We've included the educational standards we tried to meet while designing the Crash Science project here. You can see them in context in the original standards documents by following the links in the headings.
Michigan K-12 Standards - Science (link)
- HS-PS2-1: Analyze data to support the claim that Newton’s second law of motion describes the mathematical relationship among the net force on a macroscopic object, its mass, and its acceleration.
- HS-PS2-2: Use mathematical representations to support the claim that the total momentum of a system of objects is conserved when there is no net force on the system.
- HS-PS2-3: Apply scientific and engineering ideas to design, evaluate, and refine a device that minimizes the force on a macroscopic object during a collision.
- HS-ETS1-2: Design a solution to a complex real-world problem by breaking it down into smaller, more manageable problems that can be solved through engineering.
International Society for Technology in Education (link)
- 1c: Students use technology to seek feedback that informs and improves their practice and to demonstrate their learning in a variety of ways.
- 2b: Students engage in positive, safe, legal and ethical behavior when using technology, including social interactions online or when using networked devices.
- 3d: Students build knowledge by actively exploring real-world issues and problems, developing ideas and theories and pursuing answers and solutions.
- 4a: Students know and use a deliberate design process for generating ideas, testing theories, creating innovative artifacts or solving authentic problems.
- 4b: Students select and use digital tools to plan and manage a design process that considers design constraints and calculated risks.
- 4c: Students develop, test and refine prototypes as part of a cyclical design process.
- 4d: Students exhibit a tolerance for ambiguity, perseverance and the capacity to work with open-ended problems.
- 5a: Students formulate problem definitions suited for technology-assisted methods such as data analysis, abstract models and algorithmic thinking in exploring and finding solutions.
- 5b: Students collect data or identify relevant data sets, use digital tools to analyze them, and represent data in various ways to facilitate problem-solving and decision-making.
- 5c: Students break problems into component parts, extract key information, and develop descriptive models to understand complex systems or facilitate problem-solving.
- 5d: Students understand how automation works and use algorithmic thinking to develop a sequence of steps to create and test automated solutions.
- 6d: Students publish or present content that customizes the message and medium for their intended audiences.
- 7a: Students use digital tools to connect with learners from a variety of backgrounds and cultures, engaging with them in ways that broaden mutual understanding and learning.

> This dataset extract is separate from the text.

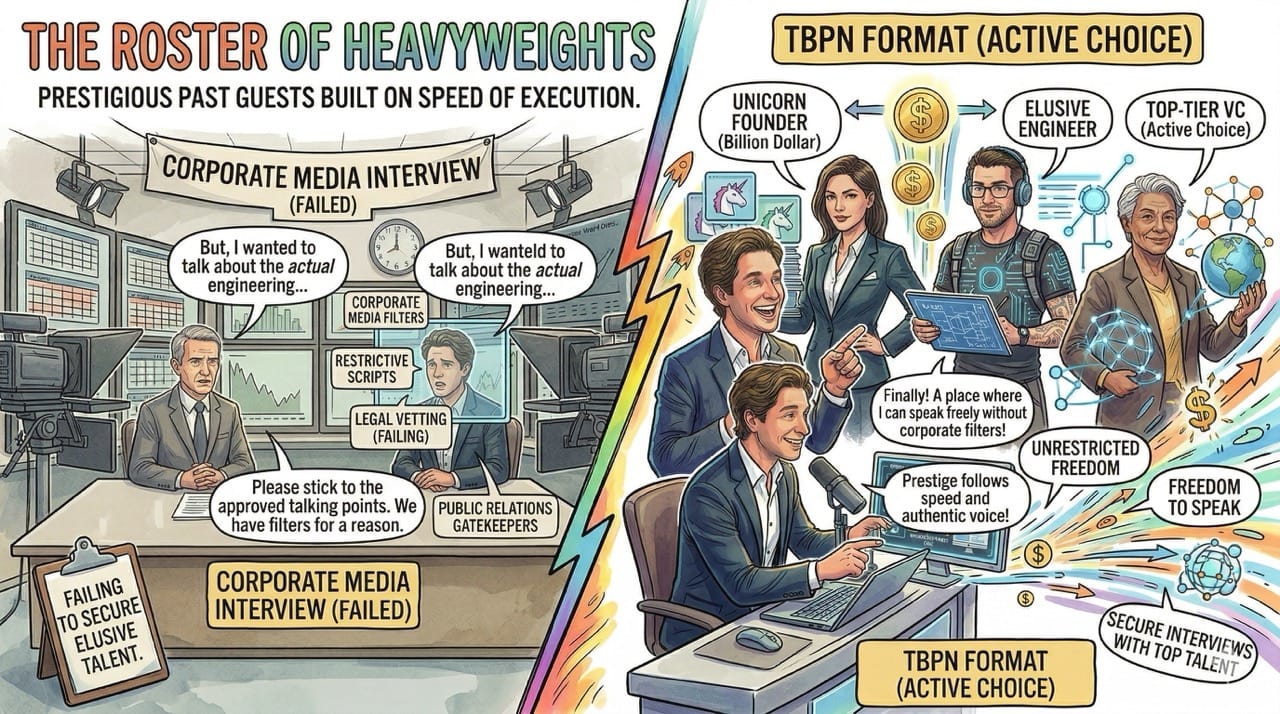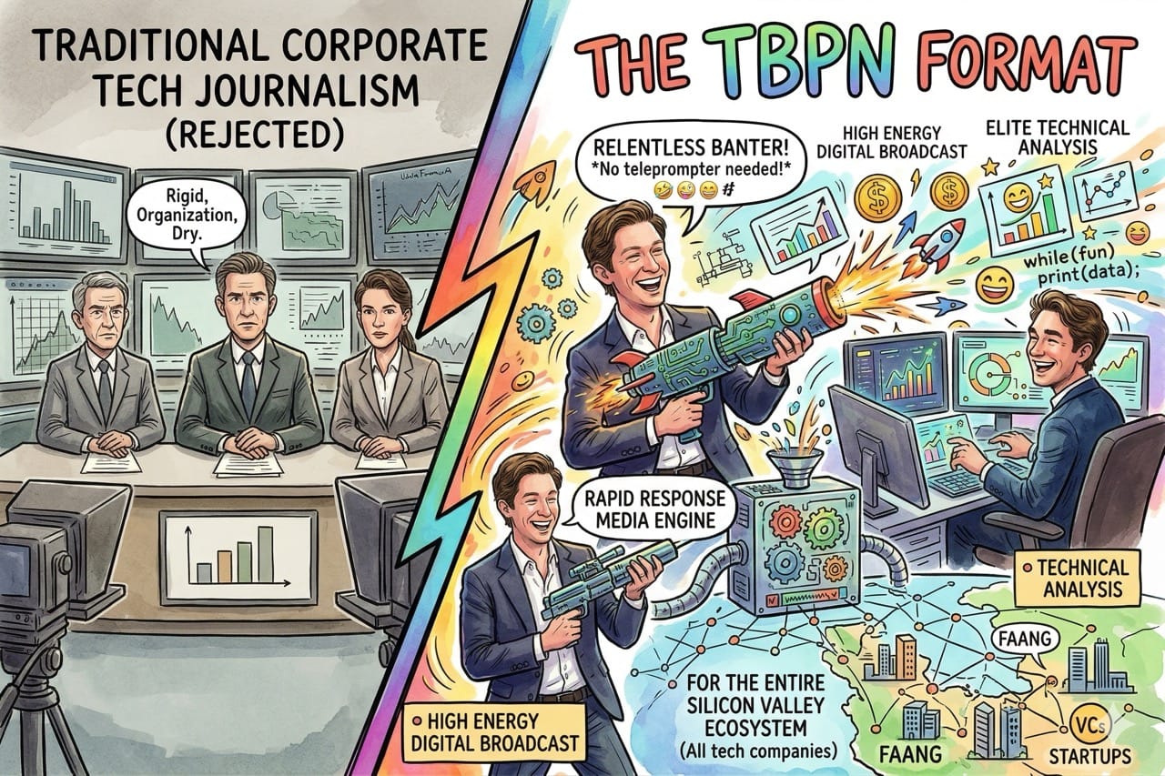 TBPN moves with the absolute velocity of a lean startup to capture trending personalities immediately.

- 7b: Students use collaborative technologies to work with others, including peers, experts or community members, to examine issues and problems from multiple viewpoints.
- 7c: Students contribute constructively to project teams, assuming various roles and responsibilities to work effectively toward a common goal.
- 7d: Students explore local and global issues and use collaborative technologies to work with others to investigate solutions.